According to the American Optometric Association’s (AOA) Eye-Q survey, 78% of adults aged 55 report experiencing some vision loss. However, many ignore the signs until the condition is more severe.
Barbara L. Horn, O.D., president of the AOA, says, “At age 60 and older, patients should pay attention to any warning signs related to vision loss. Many age-related eye conditions start slowly with little or no early symptoms and individuals only notice it once the condition is more advanced. Age-related eye conditions make driving dangerous and should never be ignored.”
Common Eye Conditions That Affect Seniors
Eyesight naturally deteriorates as we get older, and this can affect our ability to read road signs, drive at night, and cope with the glare from the sun or oncoming headlights. In some cases, poor vision is due to certain age-related eye conditions. If you’re over 60, here are five common eye conditions to be aware of.
Cataracts are one of the most common age-related eye conditions. Cataracts cause a gradual clouding of the lens that slowly reduces vision. It’s a condition that can be easily remedied with a cataract operation that replaces the bad lens with an artificial lens.
Dry eyes is a chronic condition in which the eye produces too few tears. Tears help maintain the overall health of the eye and contribute to clear vision. Driving with dry eyes exacerbates the glare from the sun, snow, and night lights. The best way to manage the condition is by using artificial tears to lubricate the eye.
Glaucoma is a serious eye condition causes progressive damage to the optic nerve. It initially affects your peripheral vision and, if left untreated, will eventually lead to blindness. If you’re experiencing blurred vision or halos around lights, see an eye care specialist immediately.

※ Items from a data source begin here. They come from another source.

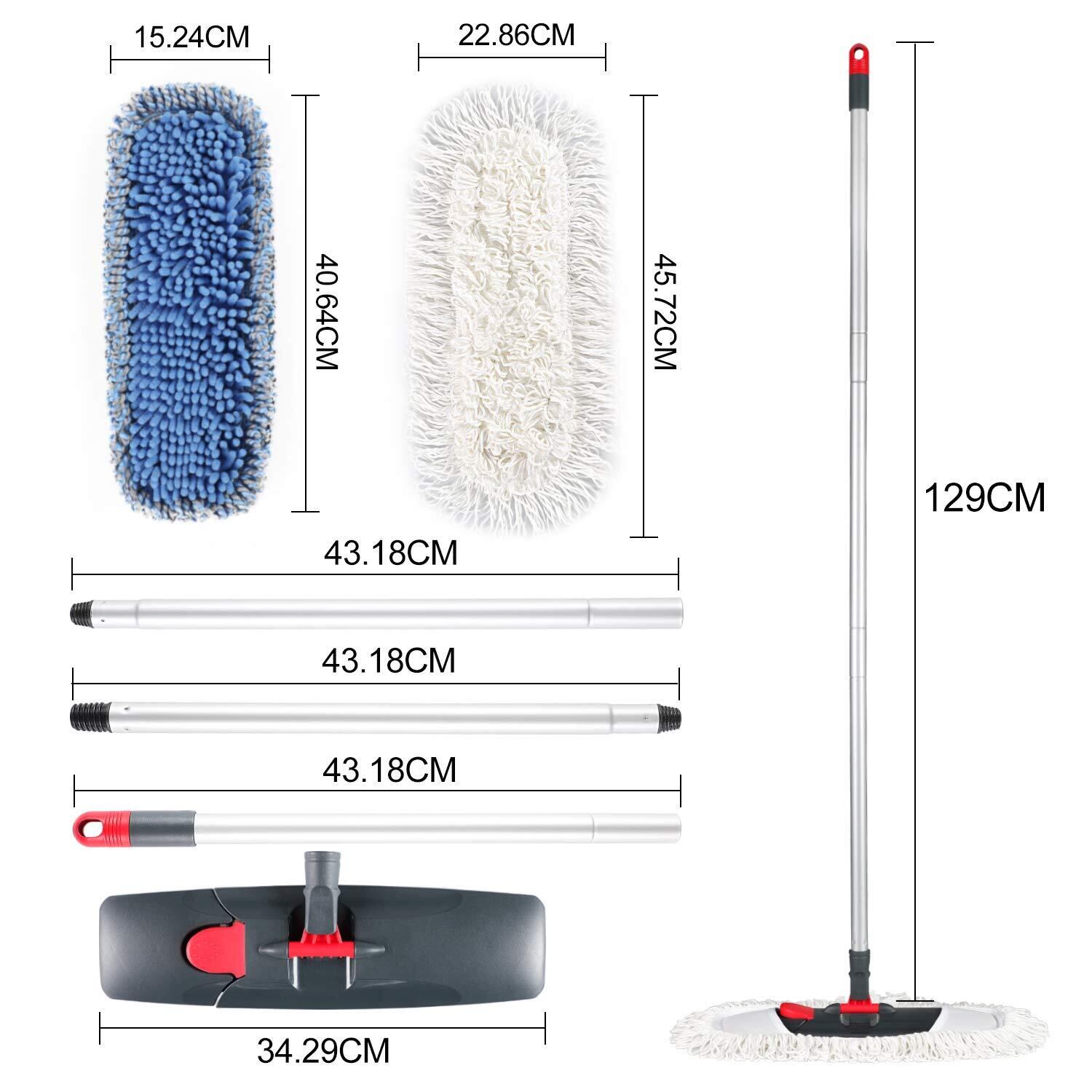 【フロアモップ詳細】ハンドル3本、取替用クロス2枚、ヘッド1個。 サイズ:34.5*86.5cm(ミドルポールを取り除く)(min)、34.5*129cm(max)
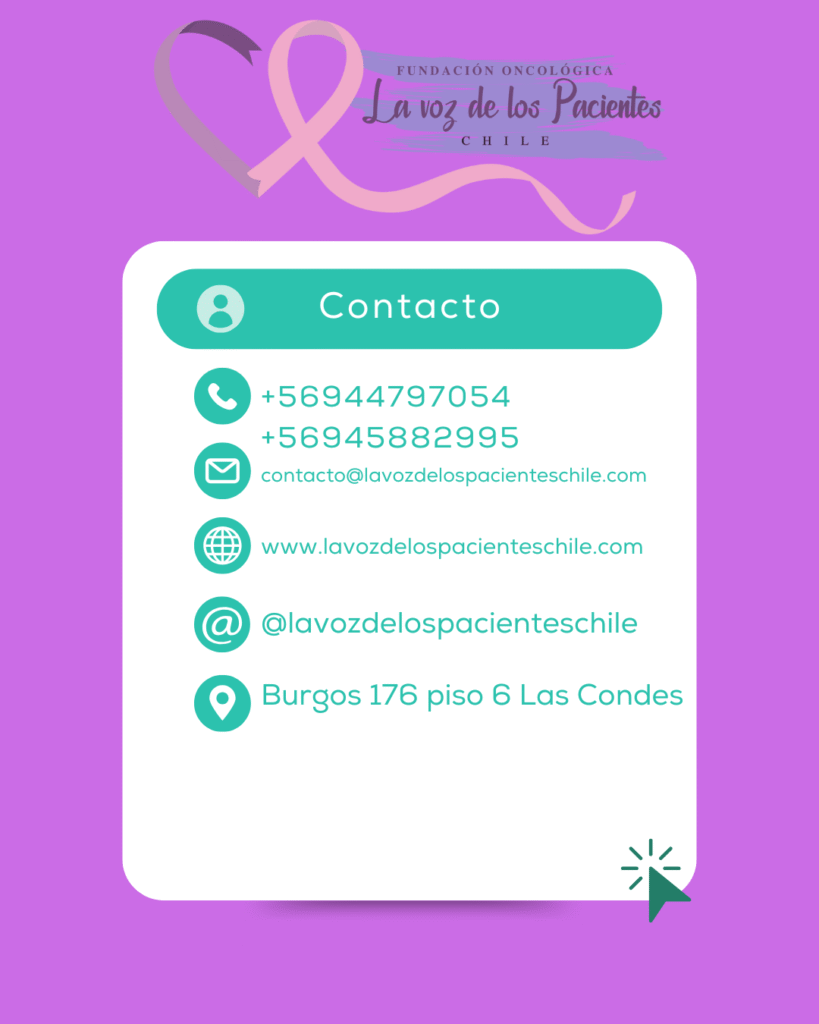 En la Fundación Oncológica La Voz de los Pacientes – Chile, trabajamos con el compromiso de representar, acompañar y apoyar a las personas que viven con cáncer, así como a sus familias. Nacemos de la necesidad de otorgar una voz activa a los pacientes oncológicos, promoviendo la equidad en el acceso a la atención médica, la educación en salud y el diagnóstico oportuno.
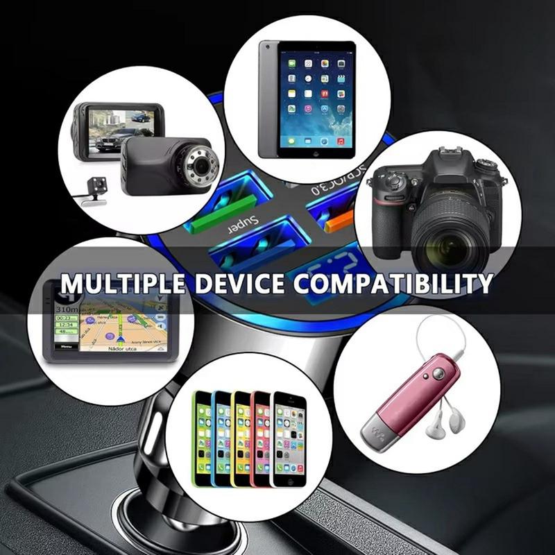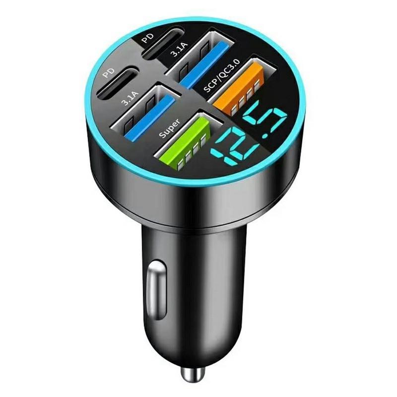 De 100W 6-poorts autolader is gemaakt om al je apparaten onderweg van stroom te voorzien. Met een totale output van maximaal 100W is hij krachtig genoeg om laptops, tablets en smartphones tegelijk op te laden, waardoor het de perfecte accessoire is voor moderne bestuurders.
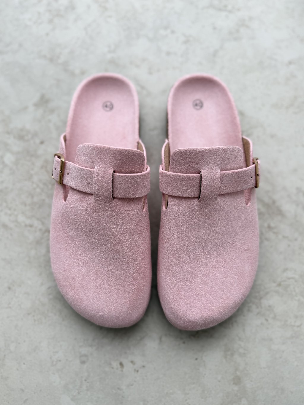 These slip-on mules are the perfect choice when you want all-day comfort with a polished, city-ready look. They feature a closed toe and a soft textured upper that feels elevated and easy to style with both everyday and vacation outfits. The side buckle allows you to adjust the fit to your instep, while the comfortable footbed and sturdy sole provide support for longer wear. We recommend choosing one size up for the best comfort. They pair beautifully with dresses, skirts and trousers—an effortless finishing touch that makes the whole outfit look put together.
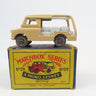 Matchbox No.29 Bedford Milk Delivery Van in tan, with white bottle load to the rear and grey metal wheels.
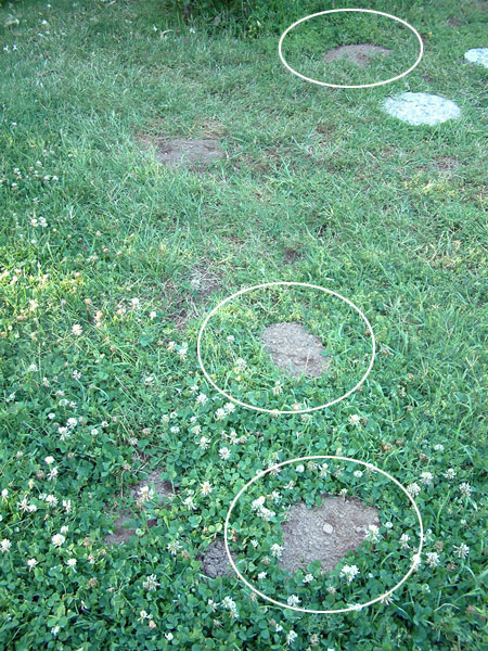 で、去年の12月、塀の近くを40cm位掘ったら大きなモグラの主道路を発見。(このモグラはお隣さんから侵入してきたと信じている)この主道路に奥深くナフタリンを5個程置いて入り口を石でふさぎ、土をかぶせたら、数ヶ月モグラの形跡をみませんでした。
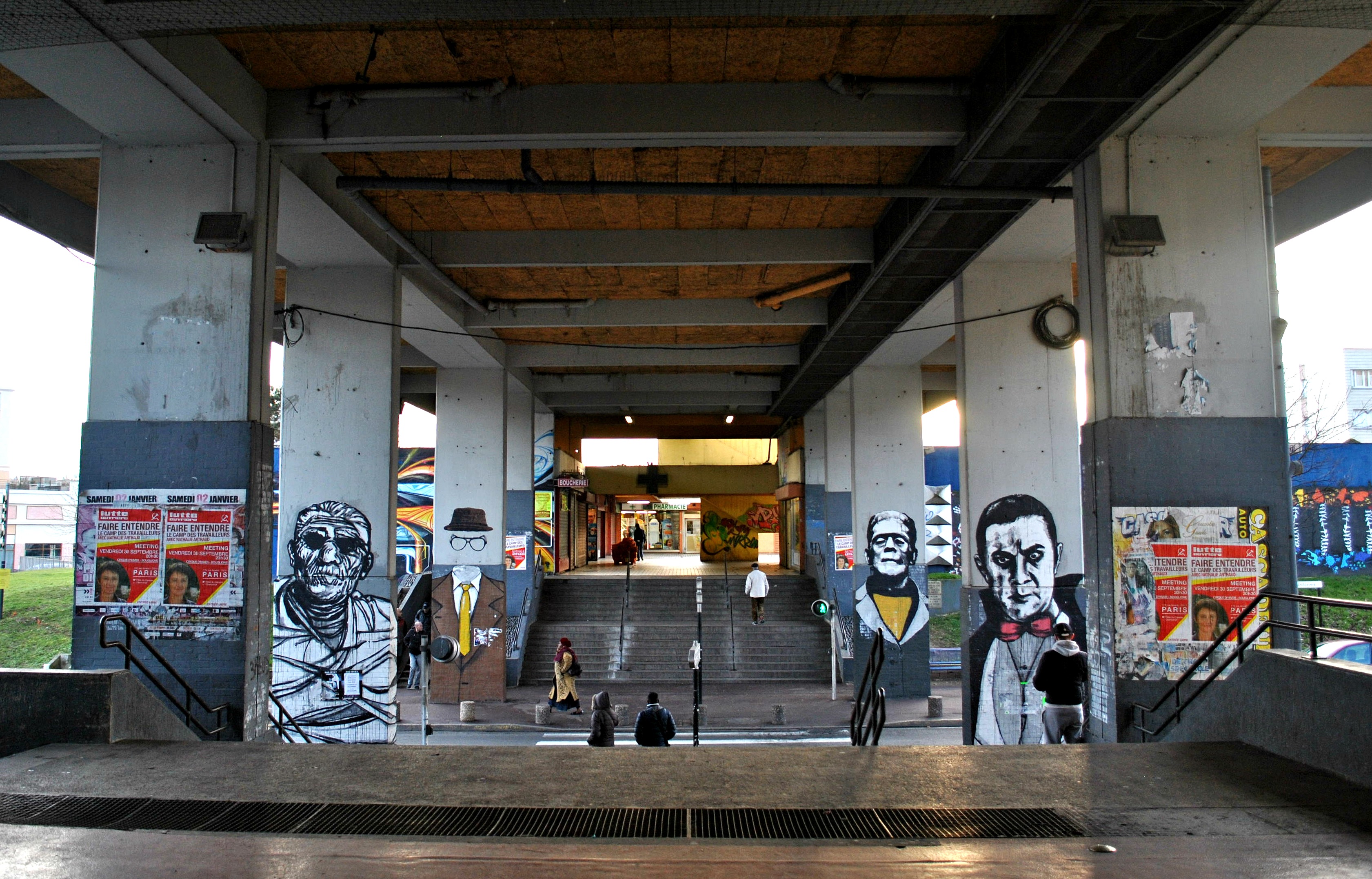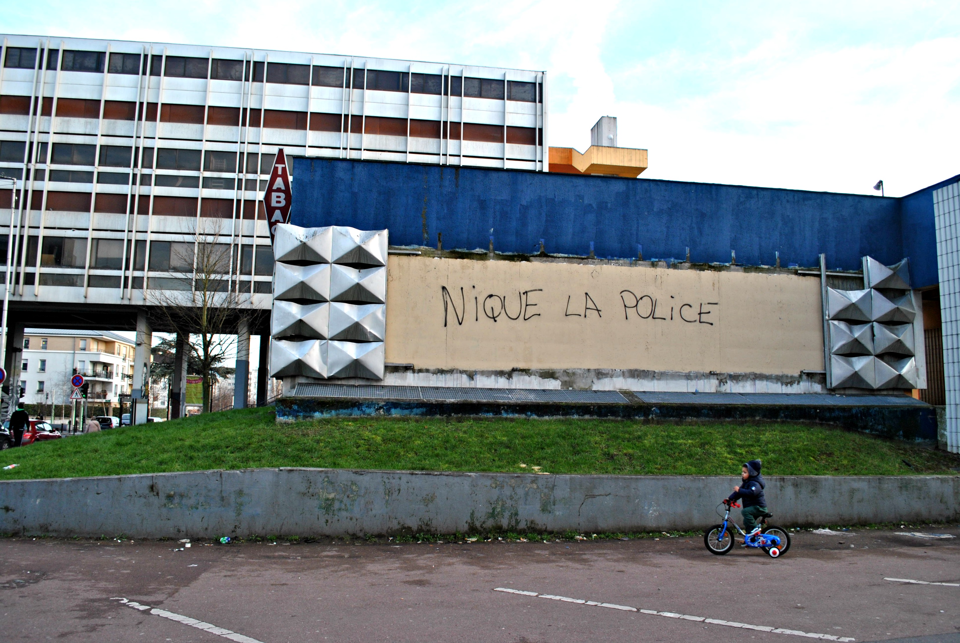 Le soleil décline sur les 3000. À deux pas de la galerie des Galions, où la plupart des commerces ont fermé, un attroupement de gendarmes marque le coin de la rue. Ils sont une douzaine autour de deux voitures, matraques en main. Deux sont à cheval, et tranchent avec les blocs d’asphalte. Derrière eux, le commissariat et son rideau cassé à moitié baissé font grise mine. En face, sur le mur jauni, un « nique la police » a été graffé. Du côté des forces de l’ordre, c’est le black-out médiatique. Le commissariat, le poste et le bureau de police d’Aulnay-sous-Bois n’ont pas souhaité répondre à nos questions. Comme la Mairie, qui explique :

According to the AAA, age-related macular degeneration is a leading cause of vision loss and blindness among Americans 65 and older. Macular degeneration affects the sharpness of your central vision. It makes it hard to see road signs, traffic, and pedestrians clearly. In the early stages, you will be able to drive with macular degeneration, but eventually, the condition will progress to the point where driving is no longer possible.
Diabetic retinopathy causes damage to the blood vessels in the retina. This results in blurry vision, dark patches, floaters, and impaired color vision. At its most severe, it can cause blindness. If you are diabetic, maintain the right lifestyle to decrease your chances of developing diabetic retinopathy when you are older.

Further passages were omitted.